Wednesday, October 5, 2016

So cuts in Oklahoma's education funding NOT the cause of teacher shortage?

Ben Felder, an investigative reporter for the Oklahoman, released an article yesterday lamenting the state's shortage of qualified teachers.  The Oklahoma legislature has approved 926 "emergency teacher certificates" this year.  These "emergency and alternative certified" educators might not have the proper training to handle school children.

But Felder's article leaves out one glowing fact, obvious in its absence:  The Oklahoma government has continually cut the budget for education.  This is the real reason teachers are leaving the state in droves.  Nobody can afford to live on a teacher's salary.   Sure, the cost of living is lower in Oklahoma than other states, but when you make little money, it is impossible.

Laurence Baines, associate dean for graduate studies and research at OU's college of education, relates a scary story.  He met a former used car salesman, teaching science at an Oklahoma high school, who smelled of beer.  The "teacher" only had six hours of science as part of his general ed requirements in college.
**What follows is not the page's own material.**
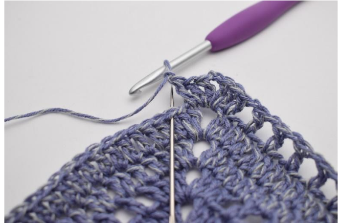
8. *Lag 1 lm, hopp over 1 m,

Baines also fears that emergency certified personnel might have only a 1.0 GPA, be alcoholic, or addicted to porn and still be hired to teach English.

Gee!  How ever can the state avoid such catastrophes?  I know!  Let's pray for the oilfields on October 13th!  The price of oil will go up, Oklahoma can get out of the economic cesspool it's in, and then they can give more money to education.  Maybe.